John Hales, Shooting Polaris & Nonconformity in Education

Was looking through my read copy of Shooting Polaris: A Personal Survey in the American West by John Hales (Columbia: Univ. of Missouri Press, 2005) & came across a couple of passages I had marked.

Near the end of this engaging book Hales, looking at a photograph from his travels in the Colorado Plateau, reflects on his experiences as an educator:

 “Some of us believed that any teenager worth his salt would take one look at the typical assortment of high school teachers, read a few pages of the typical textbook, spend a day following buzzer after buzzer through crowded halls from one spirit-sapping classroom to the next, and say no way. By walking away, these students showed us they were especially worth saving” (264-265).

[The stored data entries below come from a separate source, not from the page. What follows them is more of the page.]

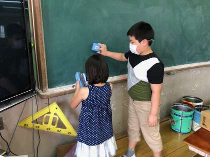 6年生のお兄さん,お姉さんが手伝いに来てくれて,掃除の仕方を教えてくれたり,教室や廊下をきれいにしてくれています。
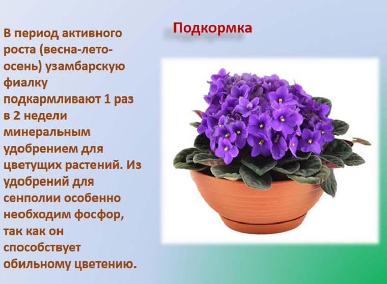 Укреплению корней способствует фосфор, а если у растения хорошо развита корневая система, значит, растение будет обильно цвести. В период роста розетки фиалке необходимы органические удобрения, в период цветения – калийные.
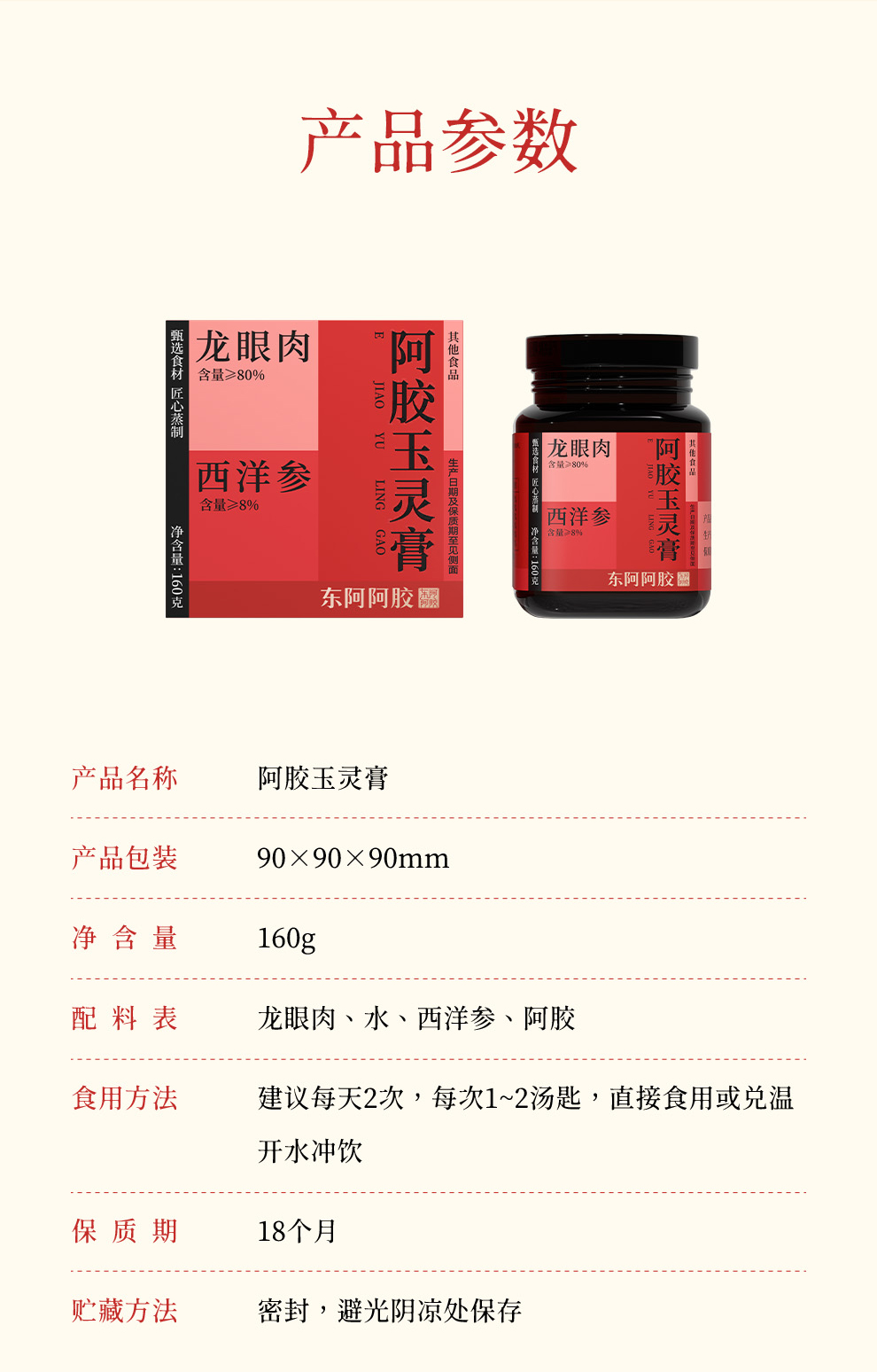 东阿阿胶阿胶玉灵膏160g龙眼肉西洋参匠心蒸制玉灵膏
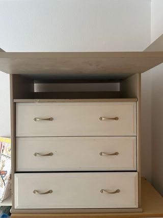 Bonito cambiador de bebé de color blanco, en buen estado. Ideal para organizar el aseo de tu bebé. - Medidas aproximadas: 75cm de largo. - Tres cajones para guardar pañales, cremas y otros artículos. - Superficie amplia para cambiar al bebé con comodidad. - Estructura sólida y estable.

By working with “at risk” students Hales reveals the independent thinking I wish every one of my students displayed. Why? Because by walking away from a conformity-inducing education (or at least by threatening to walk away from it) my students would challenge me to instruct without sapping their creativity, without sapping their originality & without sapping their identity. That is to say: these students would challenge me—no, dare me—to be a true educator.

And then, as if to underscore that point (not to mention exhibiting some shades of Derrick Jensen):

“We planned lessons concerned last of all with skills, first of all with helping our students understand who they were and where they stood in relation to the world. We believed that if we engaged their hearts, their minds would follow, which I still believe to be the only educational philosophy that makes sense” (265).